A-bombed cities seek voice in new U.S. national historical park for the Manhattan Project

by Yumi Kanazaki, Staff Writer

Last November, the U.S. government designated several remaining sites of the Manhattan Project as a national historical park. The Manhattan Project is the name of the massive effort that produced the atomic bombs used in World War II. Among the American public, the idea that the A-bomb attacks ended the war is deeply rooted. How, then, will the new national park sites convey the voices of the A-bomb victims and survivors? Amid these concerns, plans to develop these sites have begun.

In this connection, the U.S. Department of the Interior, which oversees the country’s national parks, held a closed forum with experts in Washington, D.C. Along with 19 experts, including historians from the United States, the organizers invited Yasuyoshi Komizo, the chairperson of the Hiroshima Peace Culture Foundation, located in Naka Ward, Hiroshima, and Masao Tomonaga, the honorary director of the Japanese Red Cross Nagasaki Genbaku Hospital, located in Nagasaki, to take part.

The participants discussed the development of the atomic bombs from a variety of perspectives, including science, technology, and politics, to establish an orientation for the park and select elements for inclusion. This discussion will be referenced for the continuing development of the park.

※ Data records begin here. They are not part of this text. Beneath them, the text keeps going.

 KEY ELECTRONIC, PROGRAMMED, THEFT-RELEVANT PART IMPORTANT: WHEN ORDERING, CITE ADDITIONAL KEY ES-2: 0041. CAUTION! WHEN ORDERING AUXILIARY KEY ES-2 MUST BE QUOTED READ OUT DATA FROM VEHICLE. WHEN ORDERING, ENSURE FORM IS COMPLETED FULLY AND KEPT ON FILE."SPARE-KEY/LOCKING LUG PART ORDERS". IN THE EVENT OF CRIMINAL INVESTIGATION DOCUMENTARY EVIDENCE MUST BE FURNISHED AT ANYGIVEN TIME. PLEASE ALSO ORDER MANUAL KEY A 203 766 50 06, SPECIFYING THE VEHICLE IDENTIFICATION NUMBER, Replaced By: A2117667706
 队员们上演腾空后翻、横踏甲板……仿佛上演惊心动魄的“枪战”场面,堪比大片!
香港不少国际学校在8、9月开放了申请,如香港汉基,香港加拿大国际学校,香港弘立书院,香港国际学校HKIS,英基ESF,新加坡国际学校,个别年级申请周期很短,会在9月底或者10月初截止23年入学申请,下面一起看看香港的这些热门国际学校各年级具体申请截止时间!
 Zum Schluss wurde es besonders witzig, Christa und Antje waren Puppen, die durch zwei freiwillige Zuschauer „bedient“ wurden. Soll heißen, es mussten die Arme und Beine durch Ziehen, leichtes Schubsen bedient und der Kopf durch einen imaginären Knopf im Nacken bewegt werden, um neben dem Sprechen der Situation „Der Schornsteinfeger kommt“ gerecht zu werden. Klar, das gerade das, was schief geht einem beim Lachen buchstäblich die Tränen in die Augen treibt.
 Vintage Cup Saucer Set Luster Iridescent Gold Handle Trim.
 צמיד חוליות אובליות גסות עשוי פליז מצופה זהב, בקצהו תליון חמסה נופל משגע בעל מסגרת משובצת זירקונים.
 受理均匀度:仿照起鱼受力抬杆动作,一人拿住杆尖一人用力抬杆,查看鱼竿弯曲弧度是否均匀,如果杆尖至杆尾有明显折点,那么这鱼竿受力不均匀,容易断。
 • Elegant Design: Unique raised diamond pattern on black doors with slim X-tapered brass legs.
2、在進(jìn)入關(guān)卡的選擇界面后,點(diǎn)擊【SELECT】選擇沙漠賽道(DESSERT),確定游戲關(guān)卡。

Link with positive perception

Mr. Tomonaga urged that such issues as the inhumane consequences of the atomic bombs and their long-term effects on human health be incorporated. Mr. Komizo spoke on behalf of A-bomb survivors who seek the abolition of nuclear weapons, stressing that the survivors “don’t hold a vengeful spirit.” He went on to say, “I hope these places will become venues to advance a secure and humane world that does not rely on such brutal weapons.”

Mr. Komizo said, “A variety of people took part, with the organizers wanting the voices of the A-bombed cities to be heard. This position was a step forward for us.” At the same time, he found it necessary to repeatedly press his points to the U.S. side. “The focus of the discussion tended toward the question of why the United States was alone in successfully developing atomic bombs, though both Germany and Japan had also sought these weapons,” he said.

For the United States, the development of the atomic bomb serves as a milestone of that nation’s science and technology. Mr. Tomonaga said, “I didn’t hear explicit statements that these places should convey a glorious history that brought victory in the war against Japan. But there were views which implied pride in U.S. science and technology.” Such praise of science could thus be linked with a positive perception of the use of the atomic bombs.

Emphasize “fairness”

This year the National Park Service, under the U.S. Department of the Interior, will compile a “foundation document” that will identify the basic understanding of the park’s values and history. The National Park Service will reportedly seek opinions from the public, too.

The 1990s was a time of fierce debate over the atomic bombs. The Smithsonian Institution’s National Air and Space Museum had planned an exhibition featuring the fuselage of the B-29 bomber “Enola Gay,” the plane that dropped the atomic bomb on Hiroshima. The museum sought to also display artifacts left behind by A-bomb victims, but U.S. veterans of the Pacific War and others were vehemently opposed. Ultimately, the original plan was scrapped and artifacts left behind by A-bomb victims were not displayed.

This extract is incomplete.